### Exercise data
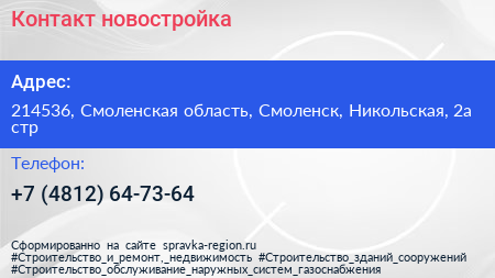 Контакт, новостройка по адресу 214536, Смоленская область, Смоленск, Никольская, 2а стр в дальнейшем Организация, размещена в следующих категориях:
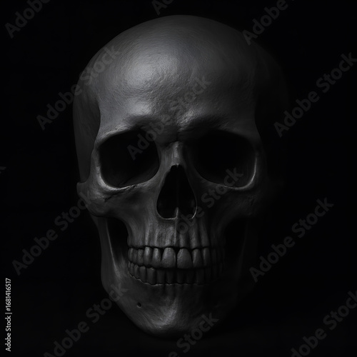 Human skull dark background, anatomy bone structure close up, skeletal head detail, death horror symbol, medical science study, gothic art concept, halloween decoration macabre design, mortality abstr
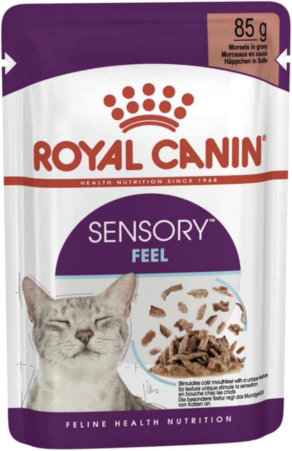 Cats are highly sensory creatures that rely on their senses when it comes to choosing and accepting food. For cats, eating is a tactile event, and different textures have a strong influence over the entire feeding experience. Royal Canin Sensory Feel is specially crafted with unique textures to stimulate your cat’s senses and formulated to support optimal health and wellbeing through sensorial variation. Your cat’s wellbeing is enhanced when their diet is not only nutritious, but sensorially varied too. Royal Canin Sensory Feel is a highly attractive formula with a unique texture designed to stimulate your cat’s refined senses through mouthfeel (the sensation that food stimulates). Royal Canin Sensory Feel Adult Wet Cat Food (in Gravy) 12x85g Pouches is specifically designed to match the optimal Macro-Nutrient profile that is instinctively preferred by adult cats. This formula also contains a combination of nutrients that help support the health of your adult cat’s urinary system. Thanks to Royal Canin's innovative manufacturing technology, Sensory Feel’s mix of meaty chunks in gravy feature physical properties that provide textural sensations to both surprise and stimulate your cat’s senses, turning your cat’s feeding ritual into a sensorially-rich experience. Key benefits: Stimulates cats’ distinctive sense of taste Cats’ well-being is enhanced when their diet provides sensorial variation – Royal Canin Sensory stimulated cats’ senses and enhances their feeding experience. Mixed feeding both wet and dry food gives your cat a variety of textures, helping to stimulate their appetite even more. A diet that is a mixture of wet and dry food is also a good option for fussy eaters. Be sure to follow the correct rationing amount to ensure healthy portions. The Sensory wet range can be integrated into the mixed feeding routine of all our Feline Health Nutrition Adult dry products. Ingredients: Meat and animal derivatives, cereals, fish and fish derivatives, vegetable protein extracts, minerals, derivatives of vegetable origin, oils and fats, various sugars. Nutritional information: Crude ash: 1.5%. Crude fibre: 0.5%. Crude oil fats: 2.8%. Moisture: 79.6%. Protein: 10.5%. Suitable for: Adult cats over 12 months old. Stimulates cats’ refined sense of unique textures. To cater to each cat’s individual preferences, Royal Canin Sensory Feel is also available with morsels in jelly for optimal texture variety. Other products in the Royal Canin Sensory range include Sensory Taste and Sensory Smell, each with its own attractive formula to stimulate your cat’s appetite and create a sensorially rich feeding experience. Royal Canin is committed to providing nutritional solutions to your pet’s needs. All products undergo an extensive quality control process in order to guarantee the optimum quality of food as well as catering to your cat’s specific dietary requirements and lifestyle. This means that when your cat eats Royal Canin Sensory Feel Adult Wet Cat Food (in Gravy) 12x85g Pouches they’re getting a complete and balanced diet. INGREDIENTS As per listing DIRECTIONS Use as required See more
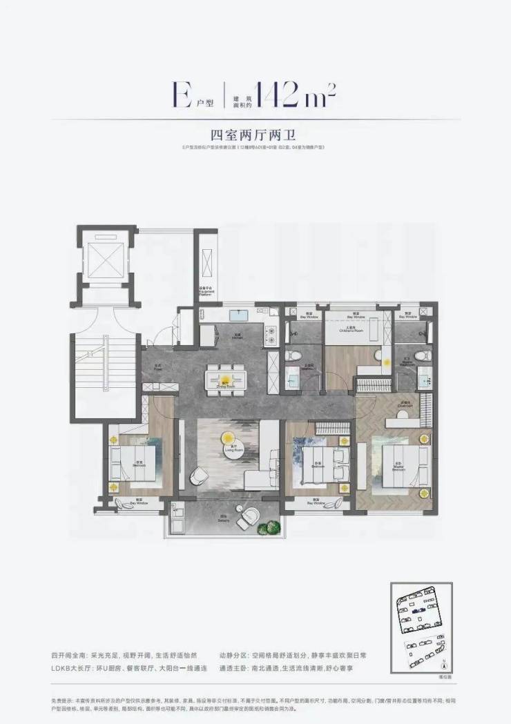 而E户型142㎡则是样板间的户型。看过样板间的同学应该都记忆犹新,
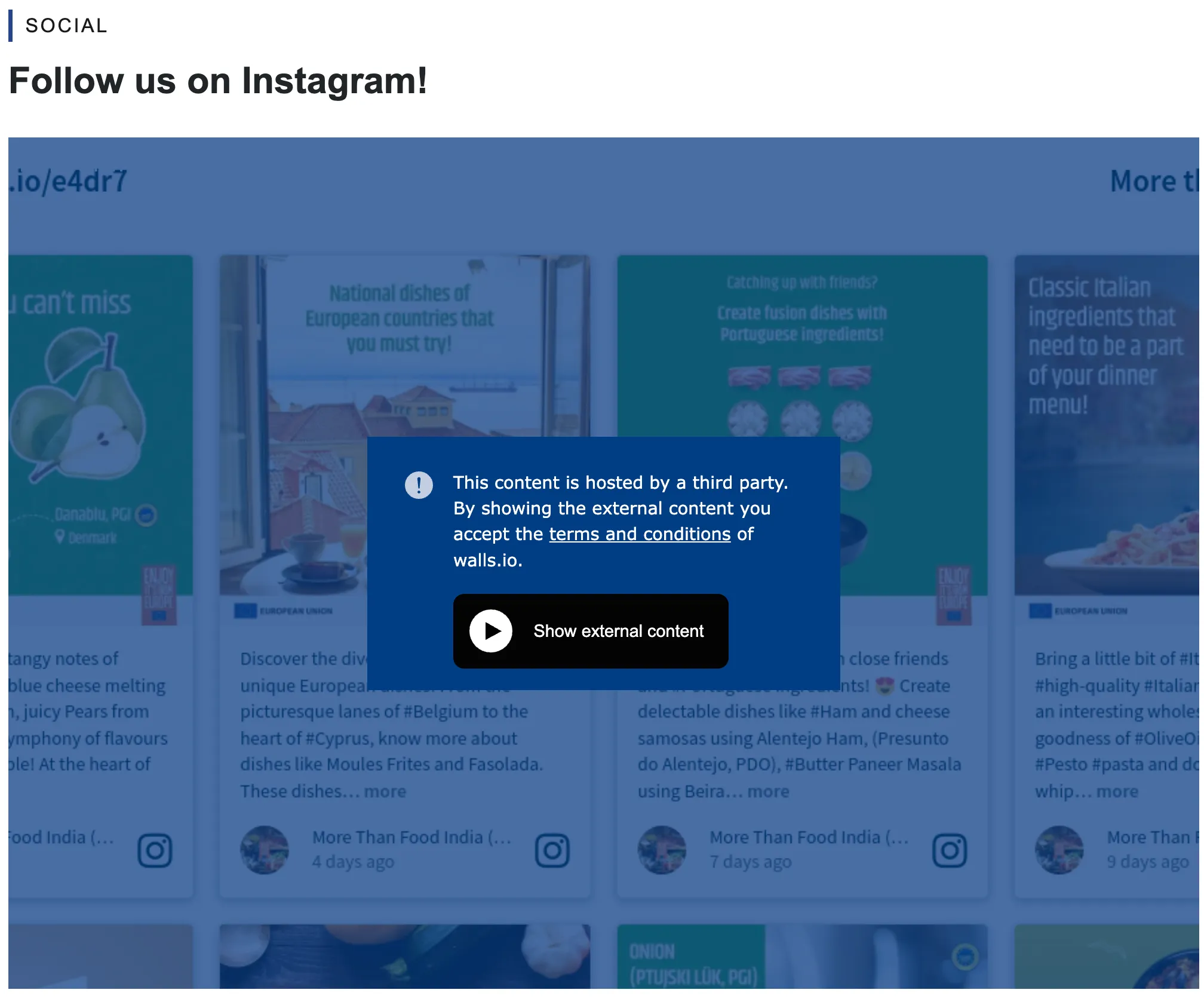 The EIFE portal offers editors the ability to embed content from third-party services using iframes. This feature was specifically designed to support the integration of social media walls from services like Walls.io or Flockler.com, providing a seamless way to display dynamic, user-generated content directly within the portal.

### Exercise brief
When you reproduce the data shown above, keep each line exact and omit every picture.

### Written answer
 Контакт, новостройка по адресу 214536, Смоленская область, Смоленск, Никольская, 2а стр в дальнейшем Организация, размещена в следующих категориях:
 Human skull dark background, anatomy bone structure close up, skeletal head detail, death horror symbol, medical science study, gothic art concept, halloween decoration macabre design, mortality abstr
 Cats are highly sensory creatures that rely on their senses when it comes to choosing and accepting food. For cats, eating is a tactile event, and different textures have a strong influence over the entire feeding experience. Royal Canin Sensory Feel is specially crafted with unique textures to stimulate your cat’s senses and formulated to support optimal health and wellbeing through sensorial variation. Your cat’s wellbeing is enhanced when their diet is not only nutritious, but sensorially varied too. Royal Canin Sensory Feel is a highly attractive formula with a unique texture designed to stimulate your cat’s refined senses through mouthfeel (the sensation that food stimulates). Royal Canin Sensory Feel Adult Wet Cat Food (in Gravy) 12x85g Pouches is specifically designed to match the optimal Macro-Nutrient profile that is instinctively preferred by adult cats. This formula also contains a combination of nutrients that help support the health of your adult cat’s urinary system. Thanks to Royal Canin's innovative manufacturing technology, Sensory Feel’s mix of meaty chunks in gravy feature physical properties that provide textural sensations to both surprise and stimulate your cat’s senses, turning your cat’s feeding ritual into a sensorially-rich experience. Key benefits: Stimulates cats’ distinctive sense of taste Cats’ well-being is enhanced when their diet provides sensorial variation – Royal Canin Sensory stimulated cats’ senses and enhances their feeding experience. Mixed feeding both wet and dry food gives your cat a variety of textures, helping to stimulate their appetite even more. A diet that is a mixture of wet and dry food is also a good option for fussy eaters. Be sure to follow the correct rationing amount to ensure healthy portions. The Sensory wet range can be integrated into the mixed feeding routine of all our Feline Health Nutrition Adult dry products. Ingredients: Meat and animal derivatives, cereals, fish and fish derivatives, vegetable protein extracts, minerals, derivatives of vegetable origin, oils and fats, various sugars. Nutritional information: Crude ash: 1.5%. Crude fibre: 0.5%. Crude oil fats: 2.8%. Moisture: 79.6%. Protein: 10.5%. Suitable for: Adult cats over 12 months old. Stimulates cats’ refined sense of unique textures. To cater to each cat’s individual preferences, Royal Canin Sensory Feel is also available with morsels in jelly for optimal texture variety. Other products in the Royal Canin Sensory range include Sensory Taste and Sensory Smell, each with its own attractive formula to stimulate your cat’s appetite and create a sensorially rich feeding experience. Royal Canin is committed to providing nutritional solutions to your pet’s needs. All products undergo an extensive quality control process in order to guarantee the optimum quality of food as well as catering to your cat’s specific dietary requirements and lifestyle. This means that when your cat eats Royal Canin Sensory Feel Adult Wet Cat Food (in Gravy) 12x85g Pouches they’re getting a complete and balanced diet. INGREDIENTS As per listing DIRECTIONS Use as required See more
 而E户型142㎡则是样板间的户型。看过样板间的同学应该都记忆犹新,
 The EIFE portal offers editors the ability to embed content from third-party services using iframes. This feature was specifically designed to support the integration of social media walls from services like Walls.io or Flockler.com, providing a seamless way to display dynamic, user-generated content directly within the portal.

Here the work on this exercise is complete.